I’d rather use anything but state currencies, but especially not corporate currencies “stock,” when transacting life with my neighbors. If however people need to throw a little state currency in the pot, it is up to those two people and their neighbors what the currency is worth and why.

*******

fractal theory or not, the corporations are burning the candle at both ends *and* playing both sides against the middle. they have dividends to pay to their owners which, if they even exist, are already worth less and less every day.

*******

just take the last imaginative step. corporations don’t really exist. they have no value. pretty soon most of their “stuff” is going to be without value. Some things will be terribly expensive, but if one has the knowledge and the community one will not be paying or working for a corporation. The rest is planting trees and chilling in the shade.

********

the war is over now

-mason

#16 Posted by Liam_McGonagle (13.07.10 at 14:40 )

Oh, it’s definitely a currency thing. I’ve heard a couple of folks make a persuasive case that poor regulation of markets and “innovative” financial products have effectively resulted in public corps counterfitting trillions of dollars of phoney M3.

I don’t know anyone that has super confidence in a precise measure of M3, though. Hell, even the Federal Reserve gave up reporting it after 2005. Maybe that should be another warning.

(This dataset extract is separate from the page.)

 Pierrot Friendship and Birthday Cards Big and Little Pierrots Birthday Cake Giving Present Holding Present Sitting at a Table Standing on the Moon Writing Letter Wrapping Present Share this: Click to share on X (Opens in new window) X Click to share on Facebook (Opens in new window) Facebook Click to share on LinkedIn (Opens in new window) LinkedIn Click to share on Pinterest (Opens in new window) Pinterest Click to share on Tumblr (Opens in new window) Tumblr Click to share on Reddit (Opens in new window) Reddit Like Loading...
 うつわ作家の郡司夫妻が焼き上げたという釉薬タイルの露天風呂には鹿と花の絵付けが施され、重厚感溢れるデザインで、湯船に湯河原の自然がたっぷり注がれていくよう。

Financial markets are vital. They provide a common medium of exchange and store of value that can allow optimal trading of resources, labour and technology across enormous political/geographical barriers. If the West hadn’t developed money economies in the 14th century we’d probably all still be serfs paying feudal burden in kind to a military lord.

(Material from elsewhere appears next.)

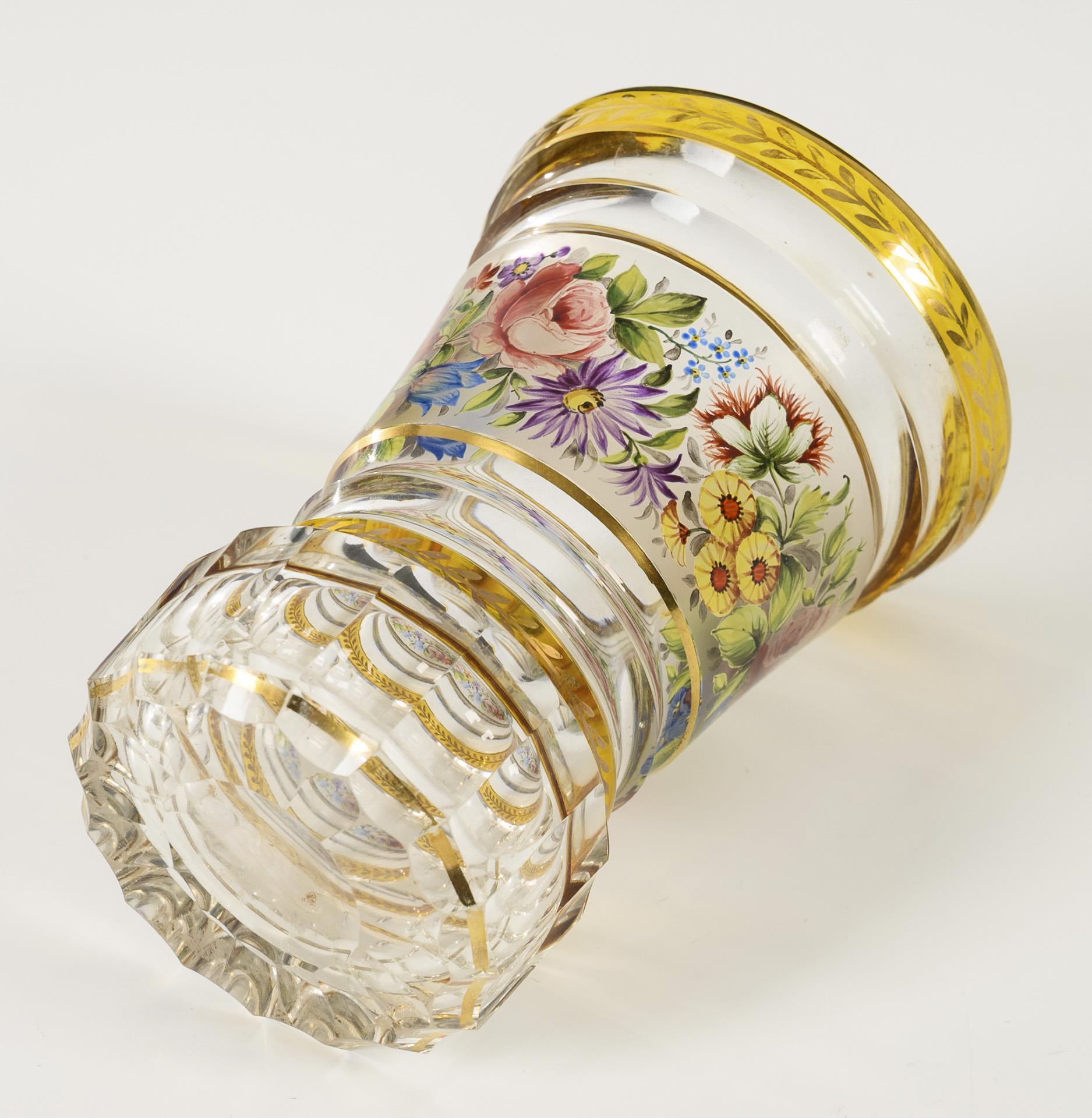 Conical beaker designed in the style of poppy jars with a solid, fluted base; dished rim. Between yellow borders with a golden leaf tendril, a circumferential polychrome enamel-painted floral band. Gold somewhat rubbed.

But as you say, that currency has to be credible. People have to KNOW they’re gonna get some value back when they accept it–not just hope they will. No more of these phoney credit default swaps sold in volumes that exceed the face value of the underlying securities by tens of billions of dollars. No more weird kabbalistic valuation models that have no more statistical validity than a hoodoo gris-gris. And why the heck are we letting the board of directors of SEC registrants hire the auditors? It’s our money supply–the SEC should be hiring them.

Yeah, from time to time you hear about a town or other local authority in Germany or the U.K. authorizing a “local script”–a currency to be recognized by solely by local merchants. And that goes some way in helping a community maintain its economic autonomy. But I can also imagine the situation, taken to its logical but extreme conclusion, resulting in ourselves having living standards little better than our 15th century ancestors.

#17 Posted by mason (13.07.10 at 20:47 )

Another interesting view of the next two years through the lens of bonds obligations.

http://tinyurl.com/apy22s

#18 Posted by Liam_McGonagle (14.07.10 at 10:58 )

Good stuff, mason. I will recommend this one to my friends.

#19 Posted by Liam_McGonagle (14.07.10 at 18:30 )

Uh-oh. Looks like these ideas are getting out into the mainstream.

http://www.washingtonpost.com/wp-dyn/content/article/2010/06/24/AR2010062406194.html

Quelle horreur! What terrors await us? An informed electorate? Saints preserve us!